In January 1973, Richard Nixon had just been inaugurated after winning re-election in a historic landslide. He enjoyed an almost 70 percent approval rating. But by April 1973, his presidency had fallen apart as the Watergate scandal metastasized into what White House counsel John Dean called “a full-blown cancer.” King Richard is the intimate, utterly absorbing narrative of the tension-packed hundred days when the Watergate conspiracy unraveled as the burglars and their handlers turned on one another, exposing the crimes of a vengeful president.
Drawing on thousands of hours of newly-released taped recordings, Michael Dobbs takes us into the heart of the conspiracy, recreating these traumatic events in cinematic detail.
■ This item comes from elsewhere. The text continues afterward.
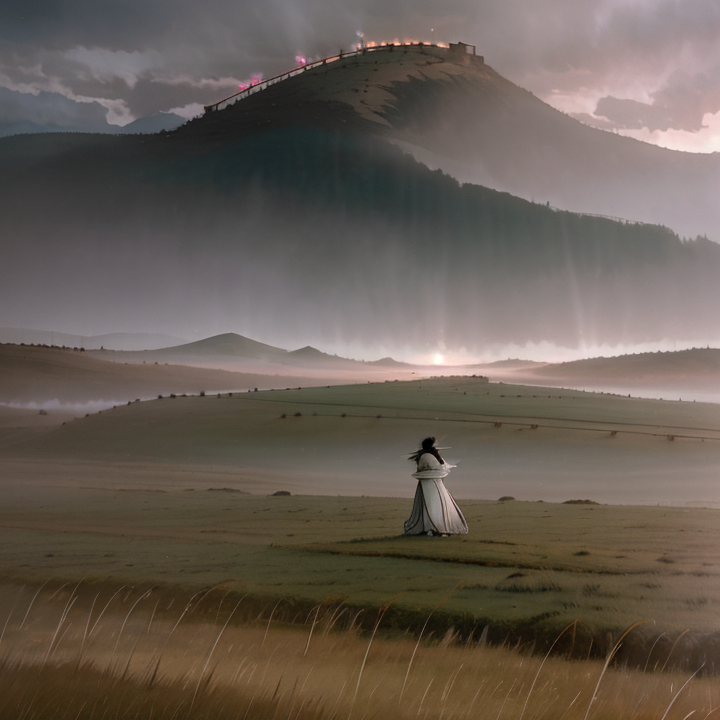Fantasy-inspired slow folk ballad with soft ethereal female vocals, layered vocal harmonies in chorus, acoustic fingerpicked guitar, ambient synth textures, occasional flute melodies, distant wind sound effects, cinematic reverb and soft percussion, Emphasis on emotion, melancholy, and mystical atmosphere
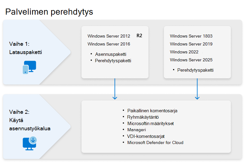 Paikallinen komentosarja (käyttää perehdytyspakettia) Defender for Servers Microsoft Configuration Manager Ryhmäkäytäntö VDI-komentosarjat Käyttöönotto Defender for Cloudin kanssa Moderni, yhdistetty ratkaisu Windows Server 2016 ja 2012 R2 |

He captures the growing paranoia of the principal players and their desperate attempts to deflect blame as the noose tightens around them. We eavesdrop on Nixon plotting with his aides, raging at his enemies, while also finding time for affectionate moments with his family. The result is an unprecedentedly vivid, close-up portrait of a president facing his greatest crisis.
Central to the spellbinding drama is the tortured personality of Nixon himself, a man whose strengths, particularly his determination to win at all costs, become his fatal flaws. Rising from poverty to become the most powerful man in the world, he commits terrible errors of judgment that lead to his public disgrace. He makes himself—and then destroys himself.
Structured like a classical tragedy with a uniquely American twist, King Richard is an epic, deeply human story of ambition, power, and betrayal.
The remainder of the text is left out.